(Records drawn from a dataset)
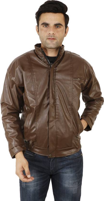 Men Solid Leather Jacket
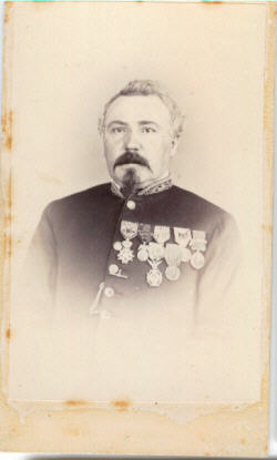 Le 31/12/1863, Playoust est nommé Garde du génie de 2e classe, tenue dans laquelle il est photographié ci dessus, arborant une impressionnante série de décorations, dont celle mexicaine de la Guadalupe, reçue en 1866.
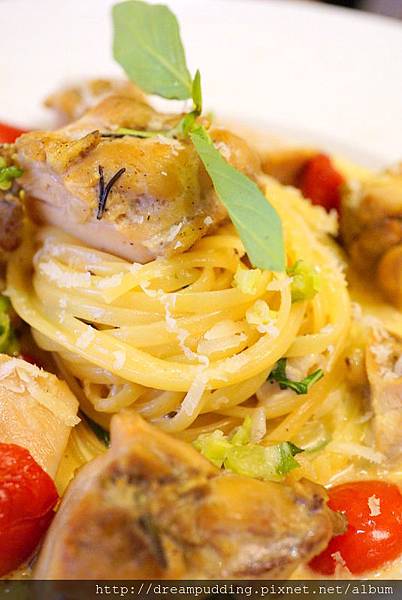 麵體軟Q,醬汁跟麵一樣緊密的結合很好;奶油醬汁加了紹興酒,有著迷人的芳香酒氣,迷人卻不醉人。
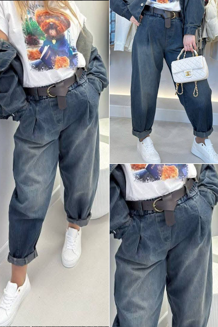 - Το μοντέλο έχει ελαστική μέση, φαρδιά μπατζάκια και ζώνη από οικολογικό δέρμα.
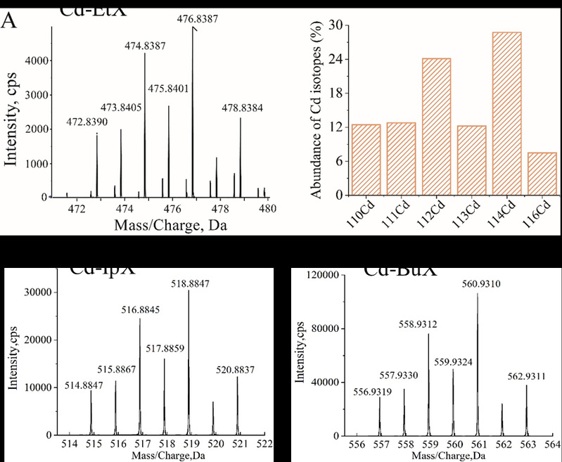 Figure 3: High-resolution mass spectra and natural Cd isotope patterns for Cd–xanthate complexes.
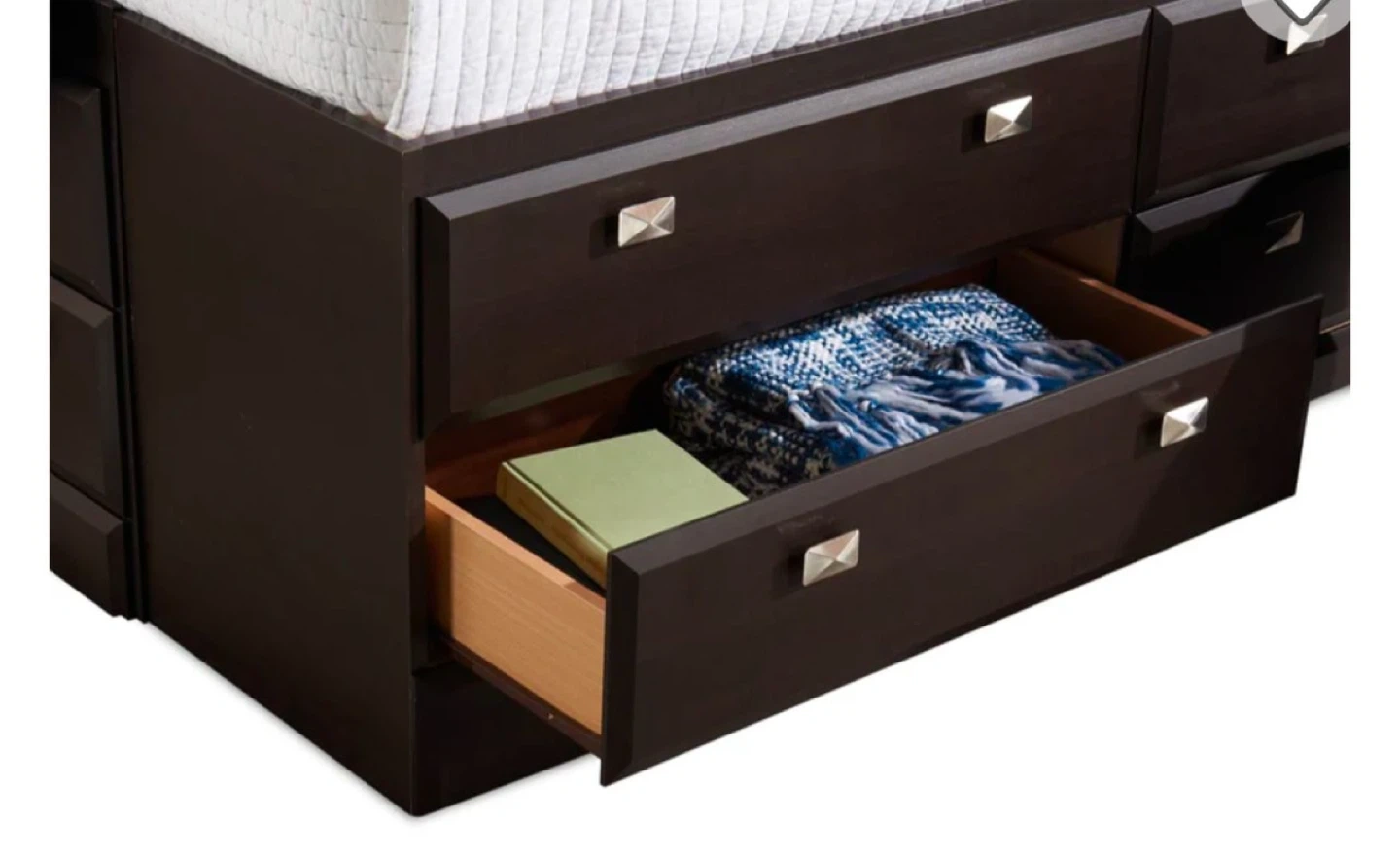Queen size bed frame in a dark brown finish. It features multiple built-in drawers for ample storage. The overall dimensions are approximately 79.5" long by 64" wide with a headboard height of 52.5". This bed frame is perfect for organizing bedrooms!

The task >> Without changing a word, retype every entry above, but drop its pictures.

Answer area >>
 Men Solid Leather Jacket
 Le 31/12/1863, Playoust est nommé Garde du génie de 2e classe, tenue dans laquelle il est photographié ci dessus, arborant une impressionnante série de décorations, dont celle mexicaine de la Guadalupe, reçue en 1866.
 麵體軟Q,醬汁跟麵一樣緊密的結合很好;奶油醬汁加了紹興酒,有著迷人的芳香酒氣,迷人卻不醉人。
 - Το μοντέλο έχει ελαστική μέση, φαρδιά μπατζάκια και ζώνη από οικολογικό δέρμα.
 Figure 3: High-resolution mass spectra and natural Cd isotope patterns for Cd–xanthate complexes.
Queen size bed frame in a dark brown finish. It features multiple built-in drawers for ample storage. The overall dimensions are approximately 79.5" long by 64" wide with a headboard height of 52.5". This bed frame is perfect for organizing bedrooms!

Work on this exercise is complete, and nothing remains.